Au cours de cette saison, ces nombreuses créations dialogueront avec les chefs-d’œuvre de notre répertoire, comme lors de notre concert d’ouverture, le 14 septembre, au cours duquel deux créations de compositeurs qui me sont très chers, la jeune Suédoise Lisa Streich et son aîné Anders Hillborg, sont mises en perspective avec le désormais classique et toujours aussi actuel Concertini de Helmut Lachenmann. Nous n’avons jamais été un ensemble exclusivement tourné vers la création: nous avons des racines, et un répertoire à cultiver, dont Helmut Lachenmann fait indéniablement partie, en incontournable de la modernité qu’il est. Il en va de même de György Ligeti, dont on fêtera cette année le centenaire de la naissance, avec des concerts à Paris et en tournée. Celui du 3 mars mettra plusieurs de ses œuvres en perspective avec les musiques créées par des compositeurs originaires du continent africain ou des Caraïbes. Idem pour Pierre Boulez, notre père-fondateur, que nous célèbrerons également, en participant cette année encore à la Biennale que la Philharmonie de Paris lui consacre. Le 16 avril, j’aurai d’ailleurs l’occasion de diriger, pour la première fois de ma vie, Dérive 2. En dix années à l’Ensemble, j’ai dirigé toutes les œuvres du maître, sauf celle-ci, qui est pourtant sa dernière achevée! Tout vient à temps à qui sait attendre… Et je présenterai d’ailleurs Dérive 2 plus d’une fois, puisque ce sera l’une des œuvres que nous jouerons à chaque étape d’une grande tournée aux États-Unis, qui passera à Houston, New York (au Carnegie Hall) et Miami. Un peu avant, toujours aux États-Unis, nous rejouerons, au magnifique Walt Disney Concert Hall de Los Angeles, la grande partition composée par Olga Neuwirth pour le film muet La Ville sans Juifs, véritable pamphlet contre l’antisémitisme réalisé en 1924 par Hans Karl Breslauer. Ayant un pied de chaque côté de l’Atlantique, j’ai eu à cœur toutes ces années de me faire le meilleur ambassadeur possible d’un dialogue artistique transatlantique, d’encourager la curiosité et le respect de part et d’autre. En ces temps de grande instabilité où les nationalismes de tous bords et la xénophobie grondent, l’échange et l’ouverture doivent être défendus avec vigueur.
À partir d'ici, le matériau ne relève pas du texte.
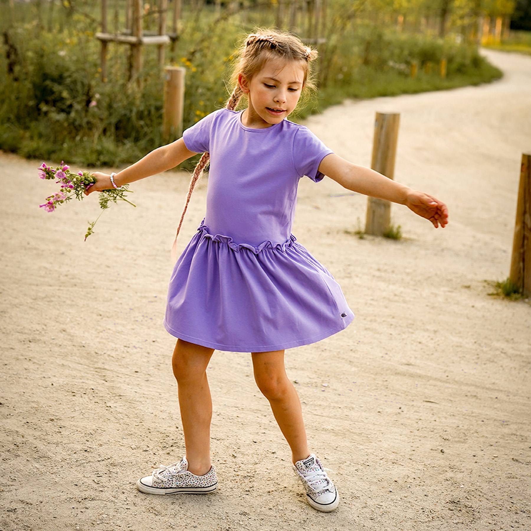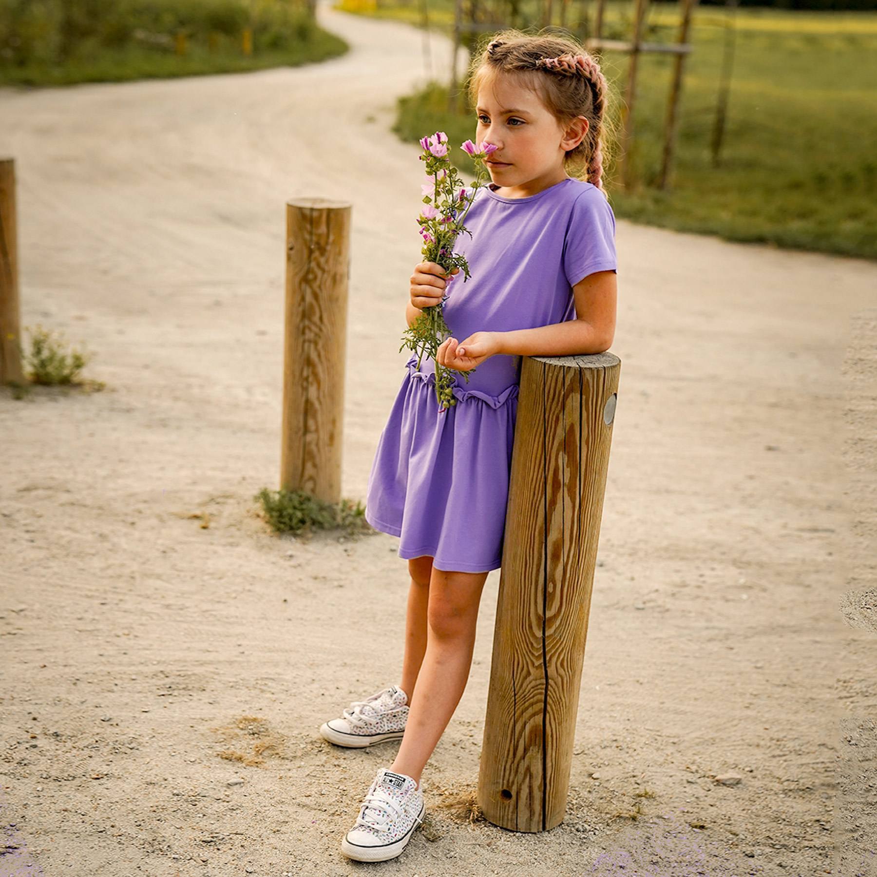 Letnia sukienka z krótkim rękawkiem. Uszyta w Polsce, z najwyższej jakości bawełny. Bardzo miękka, przewiewna i elastyczna. Zapewnia użytkowniczce komfort termiczny i wygodę na najwyższym poziomie, nawet podczas letnich upałów. Sukienka ma dopasowaną górę i okrągły dekolt. Rozkloszowany dół został naszyty na zewnątrz i wykończony efektowną falbanką, która stanowi charakterystyczną cechę tego modelu. Sukienka w jednolitym, kolorze idealnie wpisuje się w lekką, dziewczęcą garderobę. Na pewno będzie chętnie wybierana na długie, letnie dni pełne przygód.
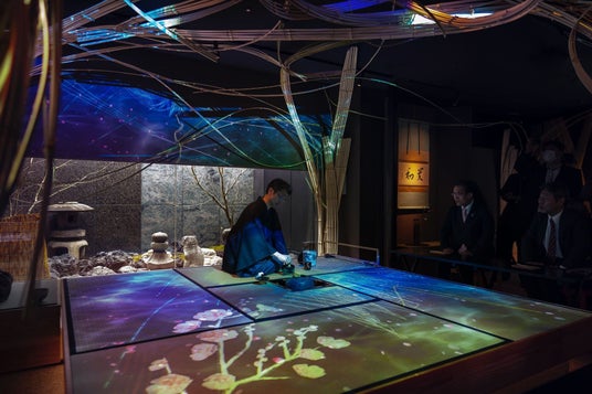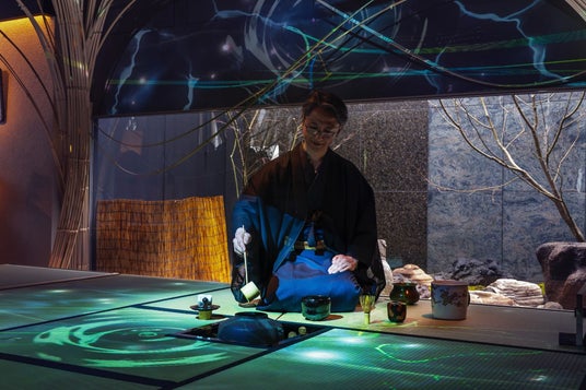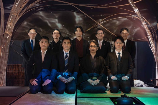 『貴和』ならびに「NIWA」は、茶道裏千家の協力のもと、華道家元池坊、いけばな草月流、造園 植治といった伝統の継承者たちと共に創り上げられたアート空間。亭主の所作が光の軌跡として浮かび上がる演出には、川尻自身が「日本人が大切にしてきた美意識や間の取り方、もてなしの心が可視化され、芸術として昇華されている」と語るように、深い精神性と現代アートが融合しています。

Le dernier concert que je dirigerai cette saison mettra en regard une création de mon ami et collègue Mark Andre et les bouleversants Quatre chants pour franchir le seuil de Gérard Grisey. Interpréter cette œuvre si profondément spirituelle de Grisey — un compositeur français de surcroît, produit de cette tradition que j’admire depuis si longtemps — est pour moi une grande émotion. Ce seuil, c’est aussi, symboliquement, celui que nous devrons franchir ensemble pour aller de l’avant, sans jamais s’arrêter de chercher. Dans les prochaines années, j’aurai bien sûr plaisir à poursuivre ma relation avec ces musiciens extraordinaires, qui forment ma famille musicale de cœur.En attendant, je tenais à vous remercier toutes et tous, notre cher public, nos amis, pour votre fidélité, votre confiance, votre curiosité et votre enthousiasme qui nous ont portés durant toutes ces années extraordinaires.